A Walk Through the Wine Store: Pt. 5

I’m getting thirsty doing this ongoing wine tour of the Yukon Liquor Corp (YLC) store in Whitehorse, but I hope my articles in this series are causing you to think about tasting wines from some of the countries represented on its shelves.

If you have a tasting experience, or other comment or question, please feel free to e-mail me at:[email protected]. I’d enjoy hearing from you. Now, on to the next countries!

You may recall that the last article touched on some of the wines of Argentina. As the YLC store is laid out, we now move onto the wines of Germany, which are shelved on the third row, on the side facing the registers.

I have to admit that my wine tasting experience is weakest in the area of German and Hungarian wines, but I’ll tell you what I can.

The wines I have tasted from Germany have all been white, which may be why I haven’t been as interested in them… I am primarily a red wine drinker.

While it turns out that almost two thirds of German wines are white, there is no representation of German reds at the YLC. Indeed, I don’t think I’ve seen much German red anywhere I have shopped.

I have also noticed that the section devoted to German wines in the YLC is substantially smaller than Italy, Australia, or even Argentina or Chile, for instance. In fact, it’s more the size of the shelving dedicated to Spanish and Portuguese wines.

Interestingly, as I researched German wines a little, I was interested to read that most of them are produced in the west of Germany, on a relatively thin strip of land that follows the path of the Rhine River, and its tributaries.

As a historian, this makes sense to me, as the first vineyards planted in Germany date to the time of the Roman Empire, and the Rhine would have been (and continues to be) one of the key connecting transportation arteries in western Germany.

About 60 percent of all Germany wine production is done in one German state (Rhineland-Palatinate), which is directly east of Luxembourg, and almost half of the 13 designated quality wine regions are found within this state.

Interestingly, Germany has about 1,000 square kilometres of vineyards in the whole country, which is only about one tenth of the vineyard area of Spain, France or Italy. Total wine production is around 1.2 billion bottles annually, which makes Germany the eighth largest wine producer in the world.

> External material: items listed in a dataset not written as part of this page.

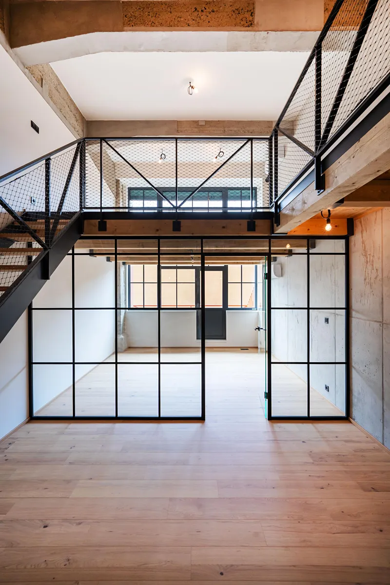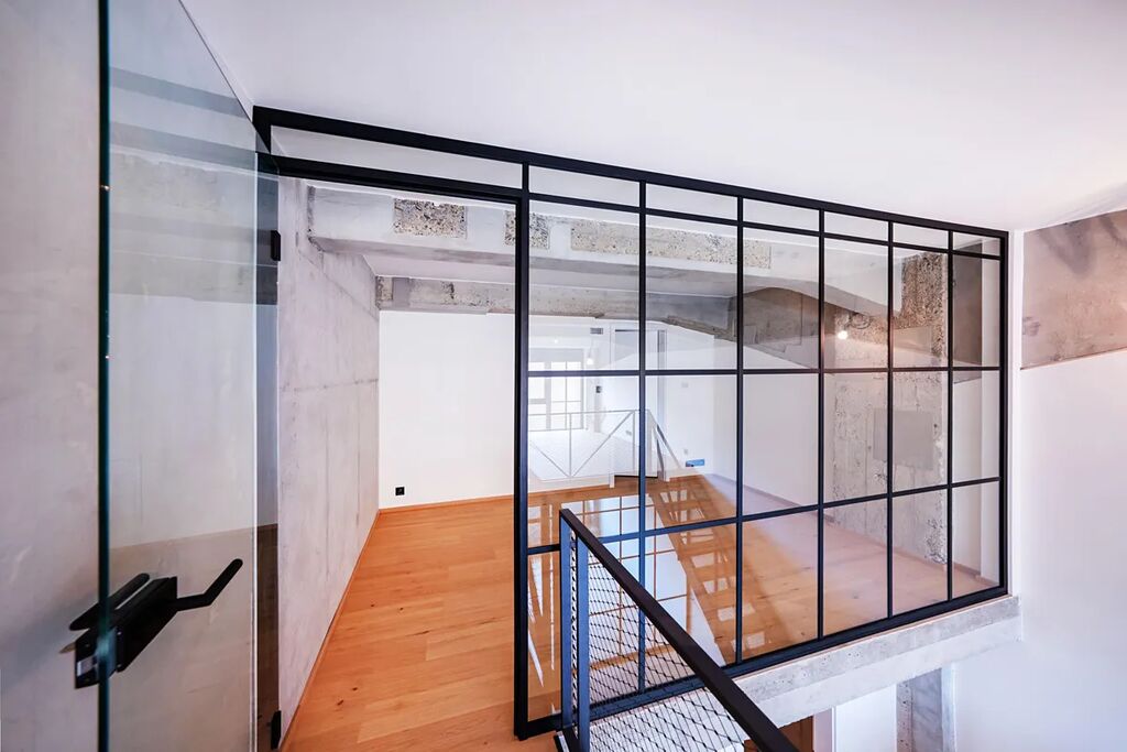 Vzdušné interiéry s vysokými stropy, velkoformátovými okny a přiznanými betonovými prvky vytvářejí osobitou atmosféru, která propojuje historii s moderním životním stylem.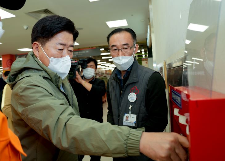 오영훈 제주도지사가 8일 홈플러스 서귀포점을 방문해 소방·경보장비에 대한 작동 여부를 확인하고 있다. 제주도소방안전본부 제공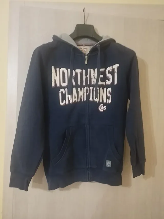 Dettagli del prodottoFelpa con cappuccio e zip per ragazzo, taglia S. Presenta una stampa Northwest Champions sul davanti.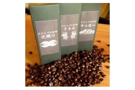 【宝塚】miniサイズ3ヶ月定期便A(当日自家焙煎珈琲3種 計600g)【豆】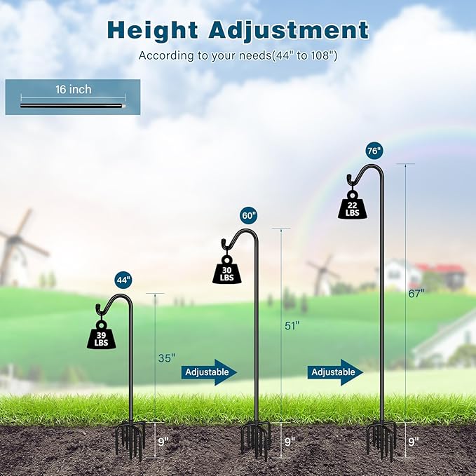 • 【HIGH QUALITY & ADJUSTABLE】 The height of the shepards hooks for outdoor is 76 inch and the diameter is 5/8 inch. Our garden hook is made of high quality iron, the black coating on the surface is rust resistant. The height of the shepherds hook for bird feeder can be adjusted by adding or reducing the pole sections, each pole section is 16 inch. So you can adjust the height to 60 inch and 44 inch.
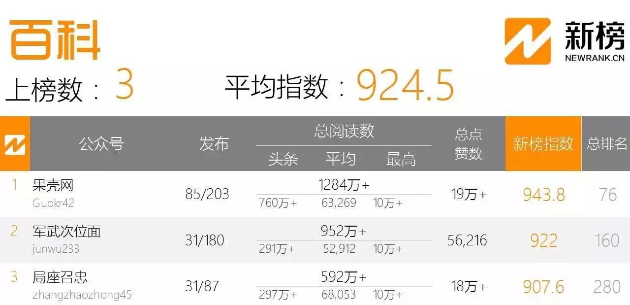 ▲在新榜公布的中国微信500强2016年8月份榜单中“局座召忠”位列第280名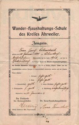 Zeugnis der Wander-Haushaltsschule des Kreises Ahrweiler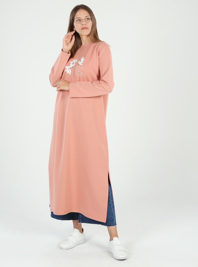 Allday Gül Kurusu Baskılı Yırtmaçlı Uzun Tunik

It’s interesting to me that most of the German wines are produced close to the 50th parallel, which may explain why many of the B.C. and Ontario vineyards started with – and in some cases, continue with – wines from German grape varietals, and in the German style.

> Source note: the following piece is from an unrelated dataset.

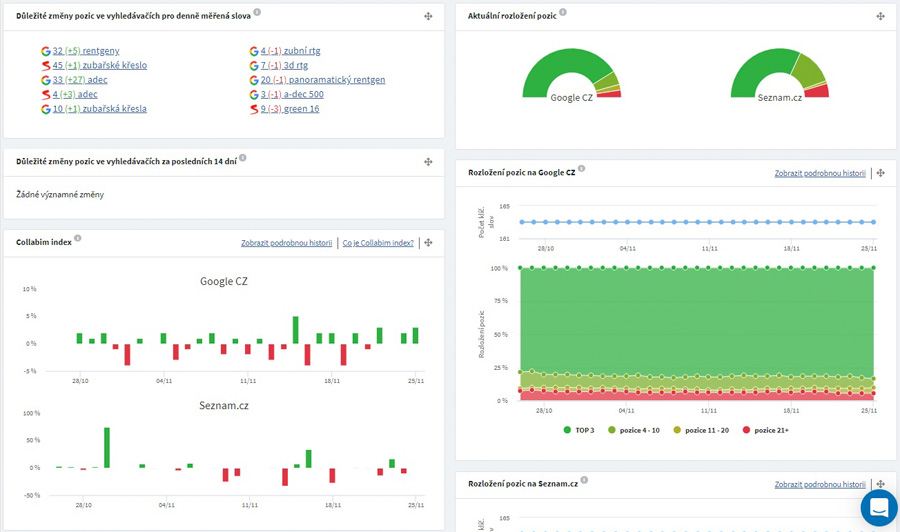 - Pozice ve fulltextovém vyhledávání sledujeme, ale to samo o sobě nestačí. Aktivně proto pracujeme s obsahem a strukturou klientova webu – aplikujeme poznatky ze SEO branže.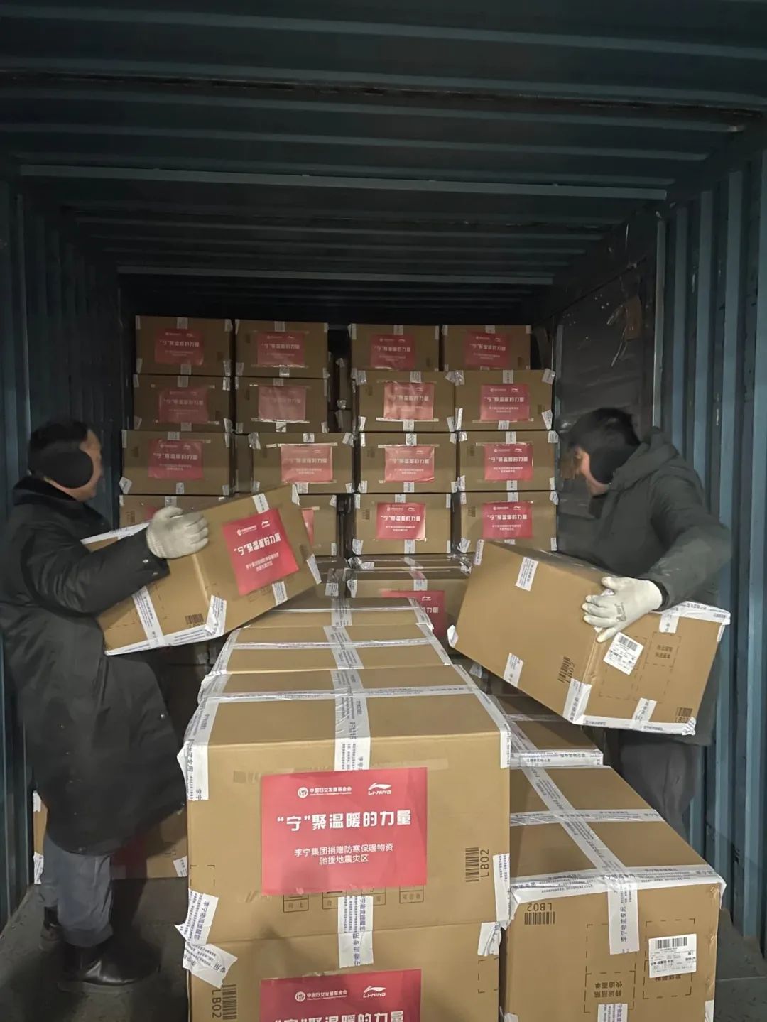李宁集团在援助甘肃灾区的同时也在调配爱心衣物发往青海、新疆等地,为那里的受灾群众送去冬日的温暖守护。

Even the justly famous Canadian ice wines harken back to German wine-making traditions.

As you peruse the shelves of the YLC, you’ll see terms such as “Kabinett”, which means that the wine is a medium- to high-quality light wine that has been aged, usually for more than a year (equivalent to a “reserve” wine).

Typically, it will be semi-sweet, perhaps with a crisp, sometimes appley taste. I find these to be nice “picnic” wines, which I would ideally pair with cold roast chicken in the summer time.

Spätlese wines are sweeter, “late harvest” wines that have been pick late in the season to maximize the sugar content in the grapes. Though counter-intuitive to me, they can go very well with spicier dishes such as Indian or Mexican food, and their fruit notes usually shine through.

Liebfraumilch, is a medium-quality wine designation, but common perception, both in Germany as well as the export market, is that it’s a low-quality wine.

Of the selection that you find on our Whitehorse shelves, I’ve found the Dr. Loosen wines ($19.20 and $20.40) to be the most consistently satisfying and pleasant to drink.

And just for the fun of it, I may have to go back and try the Sichel Blue Nun ($13.10), one of the first German wines to be marketed in this country back in the ’70s, and the Kendermann Black Tower(also $13.10) to see what they’re like these days.

The great part about the German wines at the YLC is that none of them is over $21.00, so there are a number to try, with little heavy investment required.

I haven’t found anything yet that knocks my socks off, but I’m planning a party with food and wine combinations for some friends’ birthday party this Friday, and I think I’ll try a couple of German whites with some of the spicier dishes, and let you know how they work out.

Well, that’s all for this time, but we’ll move on to more European treats in an upcoming article.